Towards Implicit Text-Guided 3D Shape Generation
- URL: http://arxiv.org/abs/2203.14622v1
- Date: Mon, 28 Mar 2022 10:20:03 GMT
- Title: Towards Implicit Text-Guided 3D Shape Generation
- Authors: Zhengzhe Liu, Yi Wang, Xiaojuan Qi, Chi-Wing Fu
- Abstract summary: This work explores the challenging task of generating 3D shapes from text.
We propose a new approach for text-guided 3D shape generation, capable of producing high-fidelity shapes with colors that match the given text description.

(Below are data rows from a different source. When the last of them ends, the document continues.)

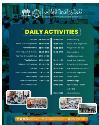
Gambar 7. Jadwal kegiatan santri MA Ar Royyan

Menurut santri yang di wawancara menerangkan bahwa “metode yang saat ini digunakan ( qawaid wa tarjamah ) sangat bagus, baik dan cukup menyenangkan. Tidak terlalu berat dan dapat dipahami”. Sedangkan menurut keterangan guru pengajar, bahwa “metode ini ( qawaid wa tarjamah ) secara sistematis tepat untuk santri. Karena pada metode ini santri dilatih untuk dapat membaca teks berbahsa arab dengan menerapkan kaidah yang telah dipelajari. Selain itu, pada metode tarjamah santri akan terbiasa memahami teks arab sekaligus terjemahannya ke dalam Bahasa Indonesia, sehingga harapannya selain santri bisa paham untuk dirinya sendiri, santru juga dapat memahami orang lain”.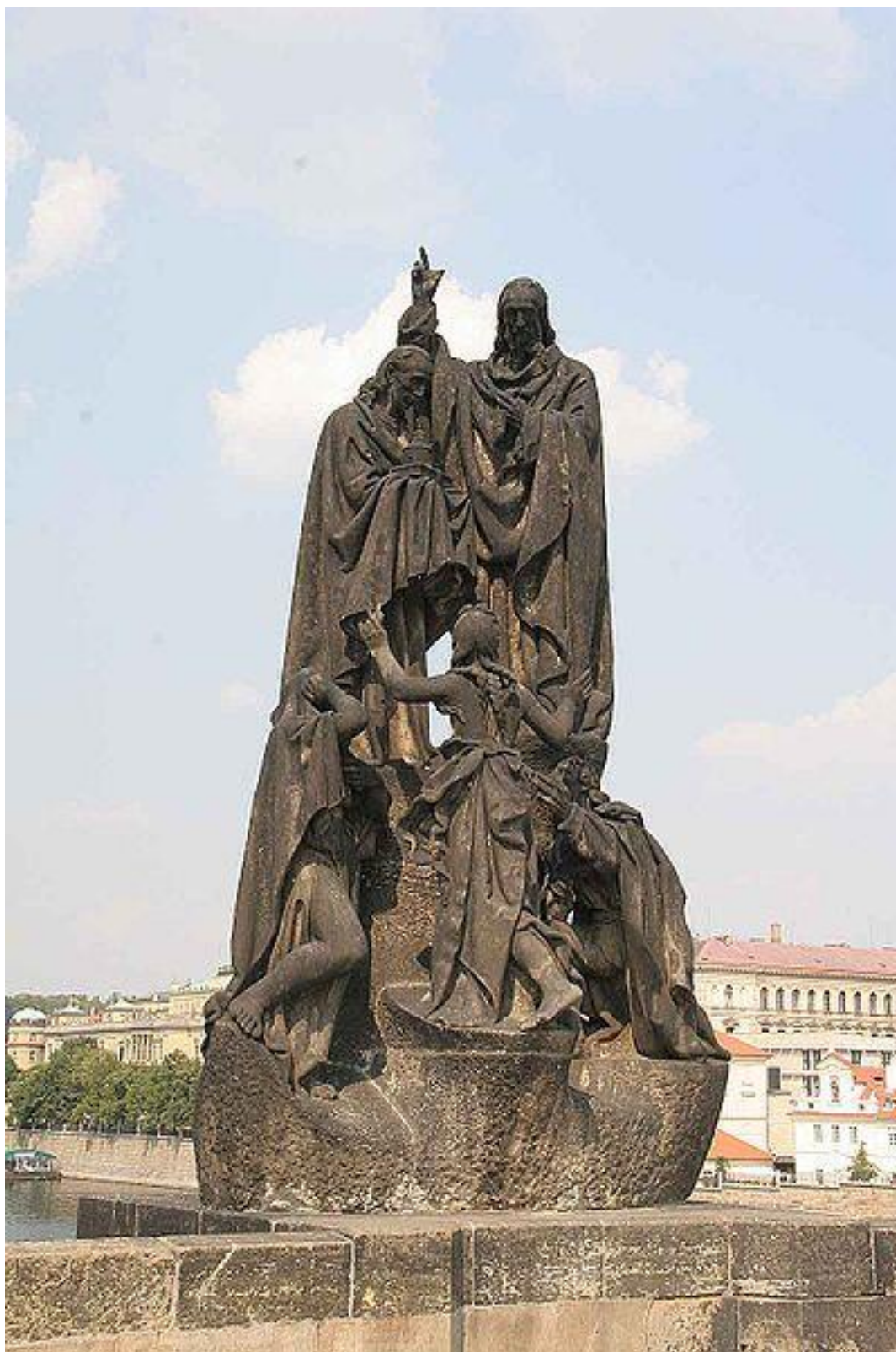
Obr. 1 Sousoší sv. Cyrila a Metoděje na Karlově mostě v Praze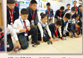
課堂體驗：STEAM課堂，兩校學生共同動手組裝機械車，並加以編程。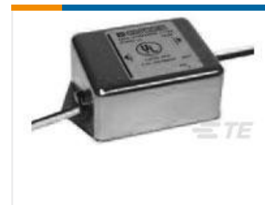
TE 产品编号2-6609092-3 3FL3=F5198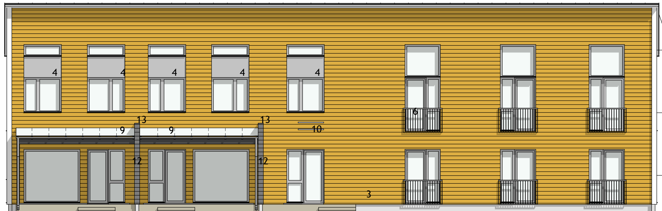
JULKISIVU ITÄÄN 1:100

IKKUNAT JA OVET, HARMAA RR 22, IKKUNAN SIVU- JA VESI PELLIT HARMAA RR22 VESIKOURUT JA SYÖKSYT, HARMAA RR 22 TALOTIKKAAT, HARMAA RR 22 KATTOTURVATUOTTEET, TUMMAN HARMAA RR 23 KATON REUNA- JA VESIPELLIT, TUMMAN HARMAA RR23 PUU PILARIT JA PALKIT TUMMAN HARMAA, TIKKURILAN 612X ULKO-OVI KASKIPUU TITANIA "PROTEUS"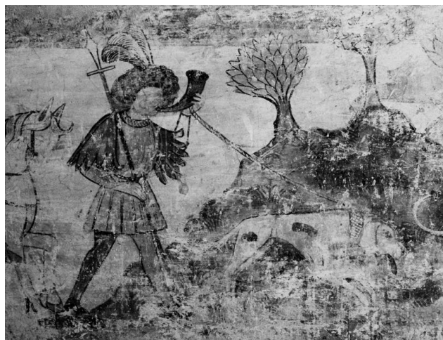
Pictura murala el "Stoffelhaus" a Farschno/Fürstenau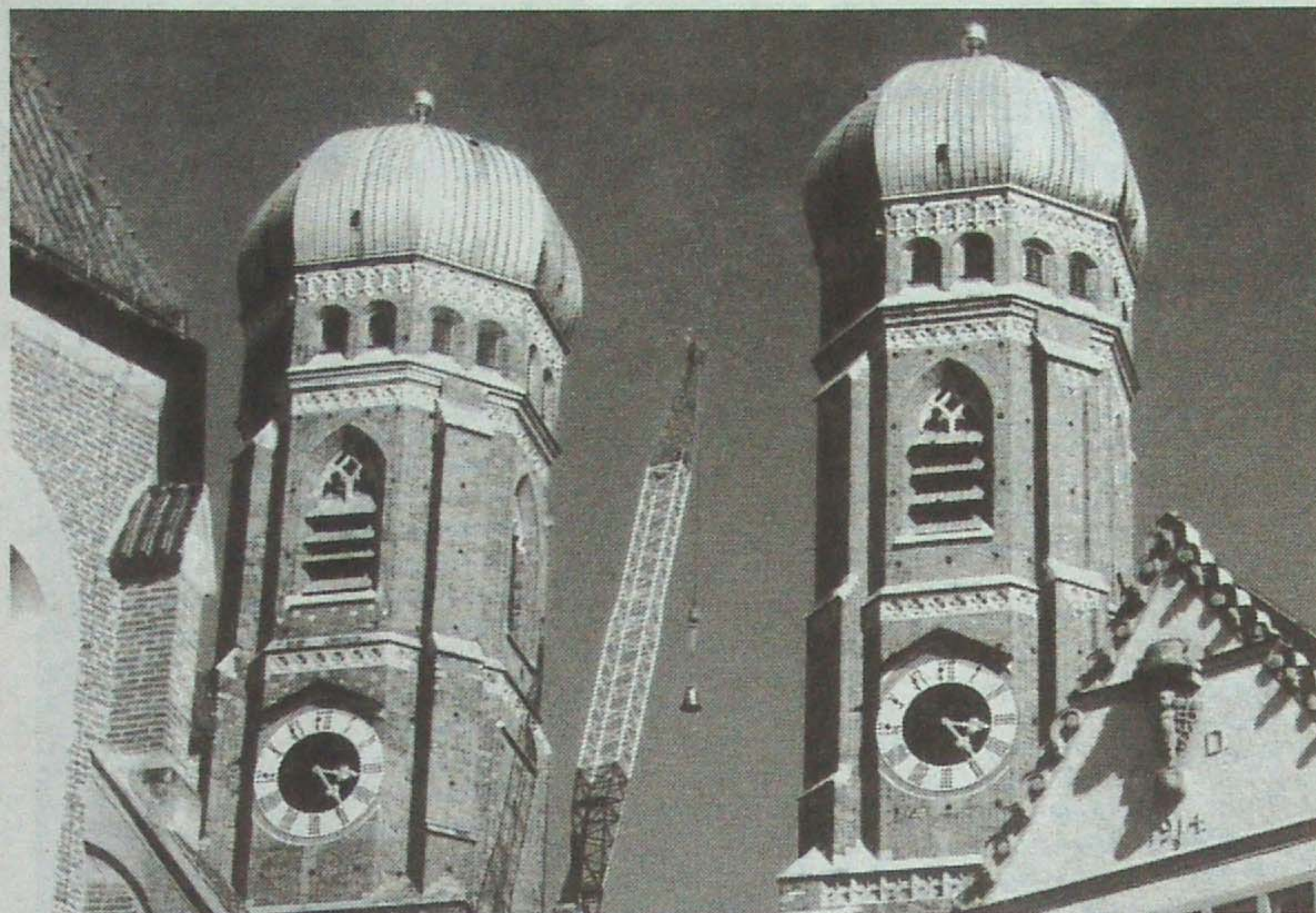
Die 540 Kilogramm schwere »Speciosa« gelangte als Letzte in den Südturm (rechts).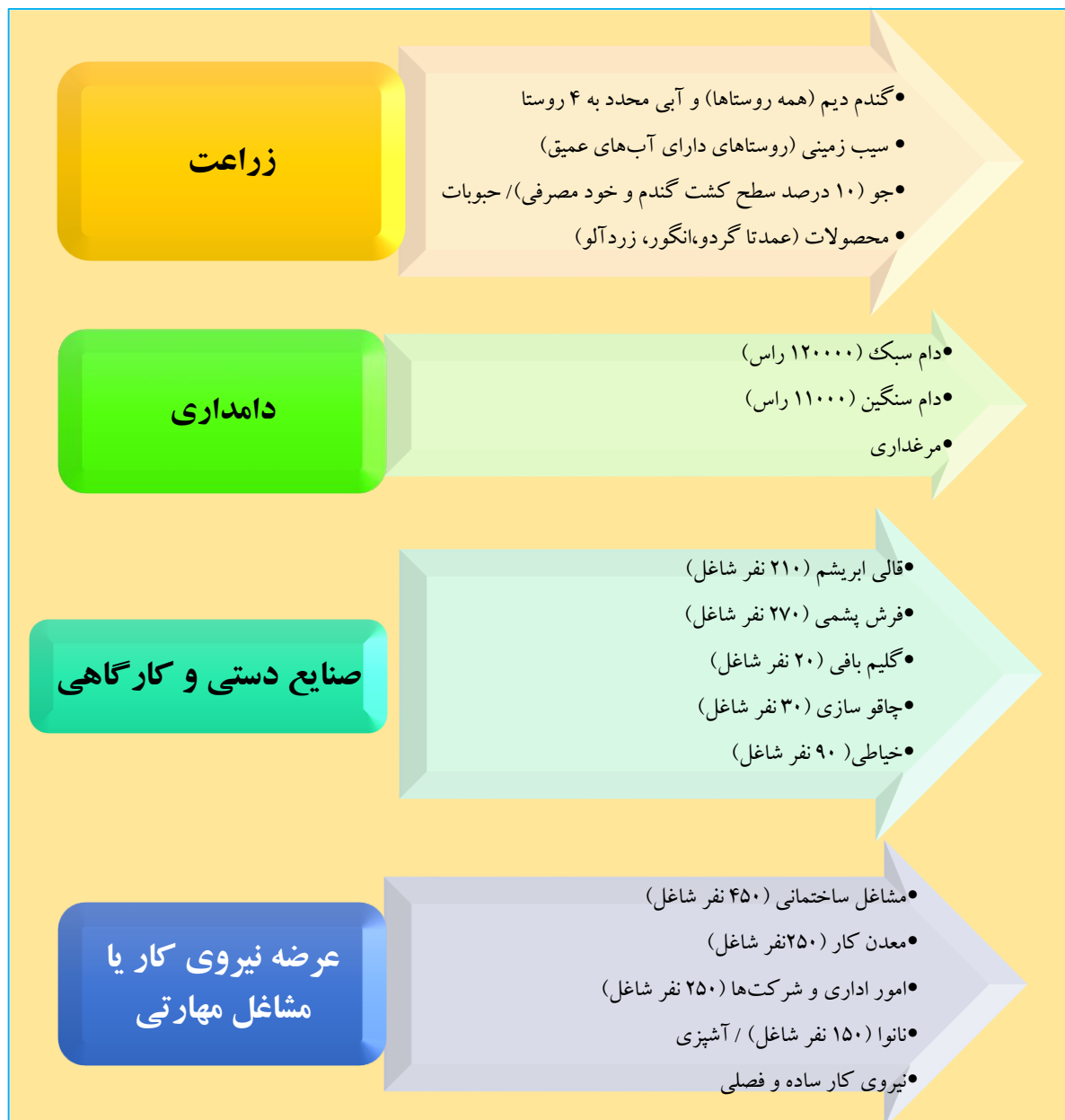
شکل ۱: منابع اصلی درآمدی منظومه سjasرود

ساختار اقتصادی منظومه روستایی سjasرود به ترتیب بر محورهای کشاورزی (زراعت دیم و آبی و دامداری)، عرضه نیروی کار به روستاها و مناطق دیگر و مشاغل مهارتی و واحدهای کارگاهی شکل گرفته است.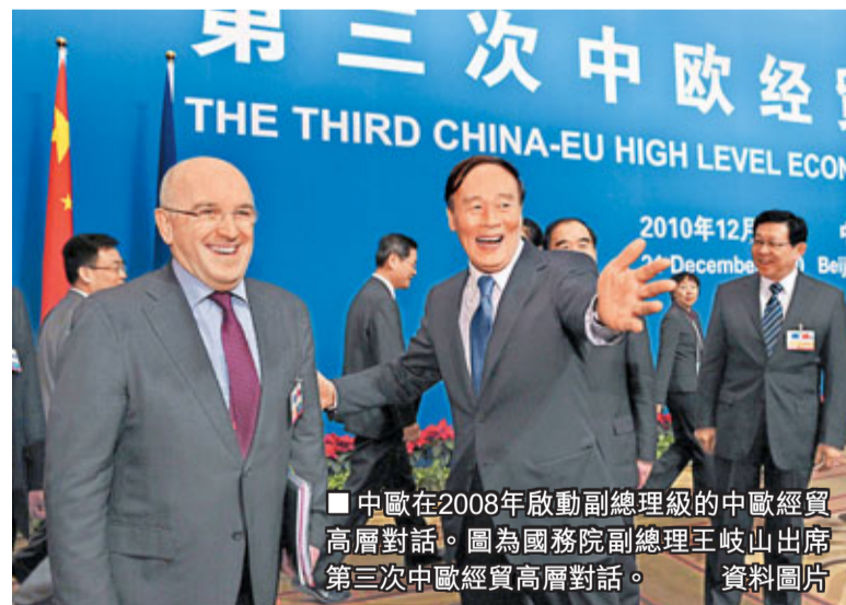
中歐在2008年啟動副總理級的中歐經貿高層對話。圖為國務院副總理王岐山出席第三次中歐經貿高層對話。資料圖片

1998年，中歐啟動每年一度的中歐領導人會晤機制。中歐亦建立多個外長級、大使級及專業司長級等多層次的定期對話機制。2005年，中歐建立副部長級的戰略對話機制。2008年，中歐啟動副總理級的中歐經貿高層對話。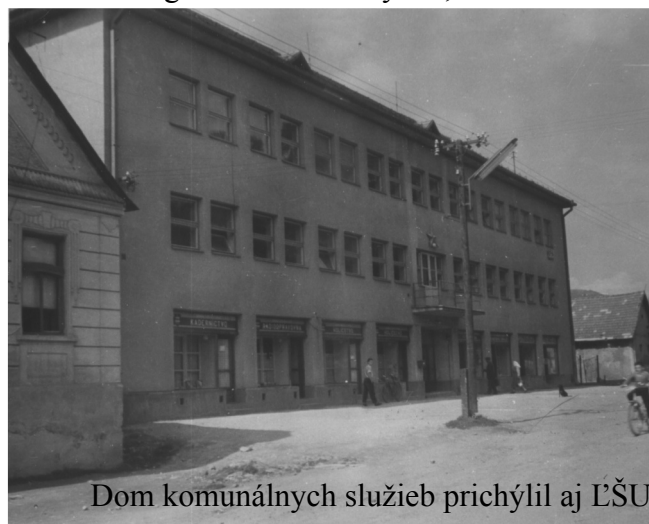
Dom komunálnych služieb prichýlil aj ĽŠU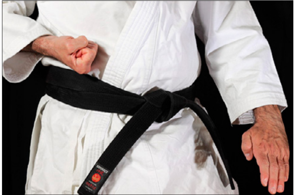
En el kárate se coordinan atención, fuerza, respiración, equilibrio, postura y movimiento.

edad media fue de 29 años, con un rango de 13 a 73 años. El 39,3% eran mujeres y el 60,7%, hombres. En todos los participantes se midió la velocidad de anticipación, es decir, que la persona anticipe su respuesta con tanta precisión que logre interceptar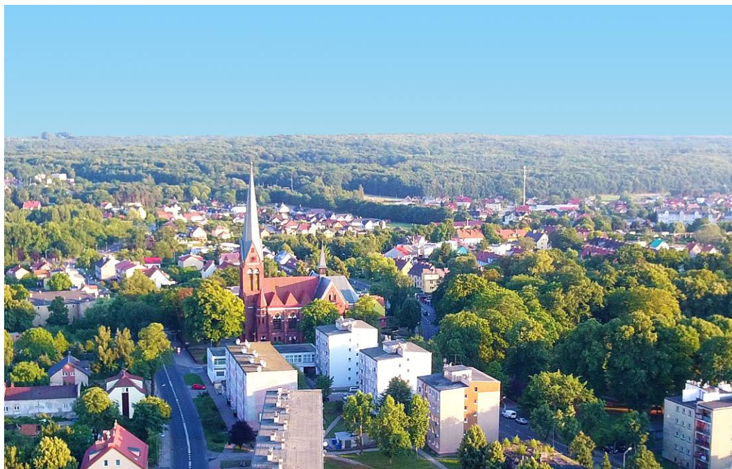
Fig. 6. The new St. Mary's Church in the panorama of the city. Ryc. 6. Nowy kościół Mariacki w panoramie miasta.

During World War II, the roof was destroyed, but after the war it was rebuilt. The interior of the church has been plundered.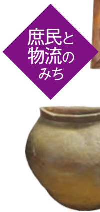
庶民と物流のみち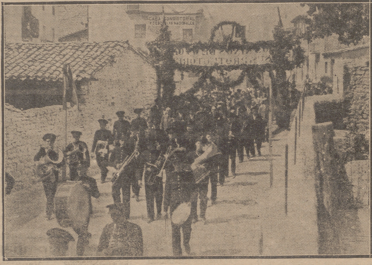
LA COMITIVA A SU ENTRADA BAJO EL ARCO LEVANTADO EN HONOR DE LAS AUTORIDADES.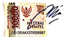
Amino Galih Prasetyo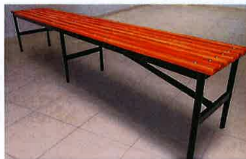
Modelo asiento de camarín simple, referencial

Recepción de trabajos con V°B° de la ITO.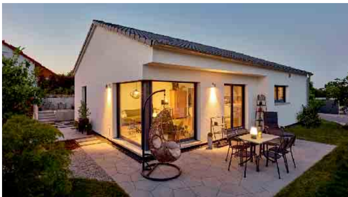
Nicht nur, aber besonders bei älteren Menschen ist das Wohnen auf einer Ebene beliebt.

Nach der jungen Familie sind Menschen über 50 die zweitwichtigste Zielgruppe für Hausbauunternehmen. Laut Statistik des Bundesverbandes Deutscher Fertigbau (BDF) zählt fast jeder vierte Bauherr zu dieser Altersgruppe. Viele von ihnen möchten aus einer Stadtwohnung oder einem zu groß gewordenen Haus lieber in einen altersgerechten Wohnsitz umziehen. Sie wünschen sich ein kleines Haus mit Garten, das modern, komfortabel und pflegeleicht ist und das viele Lieblingsplätze bereithält, die sich spätestens nach Ende des Berufslebens so richtig genießen lassen. Meist ist ihr Traumhaus für die zweite Lebenshälfte ein Bungalow. Das entscheidende Merkmal des Bungalows ist, dass er nur eine Etage hat. Schlafzimmer, Wellnessbad und Wohnbereich befinden sich allesamt im Erdgeschoss. Auch für ein Gästezimmer, ein Homeoffice und natürlich die Haustechnik findet sich in modernen Bungalow-Grundrissen Platz. Lästiges Treppensteigen entfällt entweder ganz oder lässt sich wahlweise auf ein

- Score: 81.22491096132507
- License: http://arxiv.org/licenses/nonexclusive-distrib/1.0/
- Abstract: In this work, we explore the challenging task of generating 3D shapes from
text. Beyond the existing works, we propose a new approach for text-guided 3D
shape generation, capable of producing high-fidelity shapes with colors that
match the given text description. This work has several technical
contributions. First, we decouple the shape and color predictions for learning
features in both texts and shapes, and propose the word-level spatial
transformer to correlate word features from text with spatial features from
shape. Also, we design a cyclic loss to encourage consistency between text and
shape, and introduce the shape IMLE to diversify the generated shapes. Further,
we extend the framework to enable text-guided shape manipulation. Extensive
experiments on the largest existing text-shape benchmark manifest the
superiority of this work. The code and the models are available at
https://github.com/liuzhengzhe/Towards-Implicit Text-Guided-Shape-Generation.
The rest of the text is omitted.